You can use the class DescriptiveStatistics passing the array of doubles as parameter:

DescriptiveStatistics descriptiveStatistics = new DescriptiveStatistics(testData);
out.println("\nThe mean is " + descriptiveStatistics.getMean());
out.println("The standard deviation is " + descriptiveStatistics.getStandardDeviation());
out.println("The median is " + descriptiveStatistics.getPercentile(50));

or use the classes Mean, Median, etc.

public static double getMean(double[] testData) {
    Mean mean = new Mean();
    return mean.evaluate(testData);
}

The StandardDeviation can be constructued using the sample formual (Bessel´s bias correction) setting the parameter to “true”:

private static double getUnbiasedStandardDeviation(double[] testData) {
// unbiased estimation
    StandardDeviation sdSubset = new StandardDeviation(false);
    return sdSubset.evaluate(testData);
}

private static double getBiasCorrectedStandardDeviation(double[] testData) {
// bias corrected estimation ( n − 1 instead of n in the formula)
    StandardDeviation sdPopulation = new StandardDeviation(true);
    return sdPopulation.evaluate(testData);
}

 

Data Science with Java – Part 2: CSV data into charts

A nice java library called opencsv allows you to import the csv file content and make charts out of it.

Let´s consider for example unemployment in Germany since the reunification. We will use a csv file containing year, amount of people in germany, west and east (four columns)
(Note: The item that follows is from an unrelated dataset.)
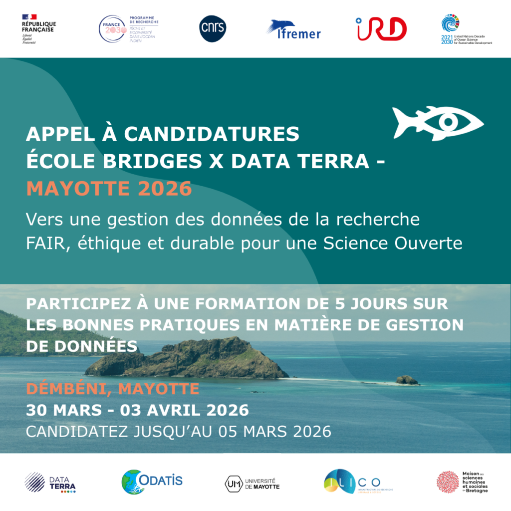 This school aims to provide a space for networking and the exchange of best practices in research data management. It is open to local (residents of Mayotte) data users and producers working in areas related to BRIDGES’ themes: biodiversity, environment, fisheries, humanities and social sciences, etc.

1991,2602203,1596457,1005745
1992,2978570,1699273,1279297
1993,3419141,2149465,1269676
1994,3698057,2426276,1271781
1995,3611921,2427083,1184838
1996,3965064,2646442,1318622
1997,4384456,2870021,1514435
1998,4280630,2751535,1529095
1999,4100499,2604720,1495779
2000,3889695,2380987,1508707
2001,3852564,2320500,1532064
2002,4061345,2498392,1562953
2003,4376795,2753181,1623614
2004,4381281,2782759,1598522
2005,4860909,3246755,1614154
2006,4487305,3007158,1480146
2007,3760586,2475528,1285058
2008,3258954,2138778,1120175
2009,3414992,2314215,1100777
2010,3238965,2227473,1011492
2011,2976488,2026545,949943
2012,2897126,1999918,897209
2013,2950338,2080342,869995
2014,2898388,2074553,823835
2015,2794664,2020503,774162
2016,2690975,1978672,712303

We can represent it with an index chart by using just JavaFX and the opencsv library:

package de.datascience.charts;

import java.io.FileReader;

import com.opencsv.CSVReader;

import javafx.application.Application;
import javafx.scene.Scene;
import javafx.scene.chart.CategoryAxis;
import javafx.scene.chart.LineChart;
import javafx.scene.chart.NumberAxis;
import javafx.scene.chart.ScatterChart;
import javafx.scene.chart.XYChart;
import javafx.stage.Stage;

public class UnemploymentGermany extends Application {

	@Override
	public void start(Stage stage) throws Exception {
		stage.setTitle("Index Chart Sample");
		final NumberAxis yAxis = new NumberAxis(0, 5000000, 1);
		final CategoryAxis xAxis = new CategoryAxis();

		final LineChart<String, Number> lineChart = new LineChart<>(xAxis, yAxis);
		yAxis.setLabel("People without job");
		xAxis.setLabel("year");
		lineChart.setTitle("Unemployment in Germnay");

		XYChart.Series series = new XYChart.Series();
		XYChart.Series seriesWest = new XYChart.Series();
		XYChart.Series seriesEast = new XYChart.Series();
		
		series.setName("Germany");
		seriesWest.setName("West Germany");
		seriesEast.setName("East Germany");
		
		try (CSVReader dataReader = new CSVReader(new FileReader("docs/unemployment_germany.csv"))) {
			String[] nextLine;
			while ((nextLine = dataReader.readNext()) != null) {
				String year = String.valueOf(nextLine[0]);
				int population = Integer.parseInt(nextLine[1]);
				series.getData().add(new XYChart.Data(year, population));
				int populationWest = Integer.parseInt(nextLine[2]);
				;
				seriesWest.getData().add(new XYChart.Data(year, populationWest));
				int populationEast = Integer.parseInt(nextLine[3]);
				seriesEast.getData().add(new XYChart.Data(year, populationEast));
			}
		}

		lineChart.getData().addAll(series, seriesWest, seriesEast);
		Scene scene = new Scene(lineChart, 500, 400);
		stage.setScene(scene);
		stage.show();
	}

	public static void main(String[] args) {
		launch(args);
	}
}

The output will be the following:

Data Science with Java – Part 1: bar charts with FX

This year some books about using Java for Data science have been released and I am very happy about it!!! It doesn´t have to be Python at any cost.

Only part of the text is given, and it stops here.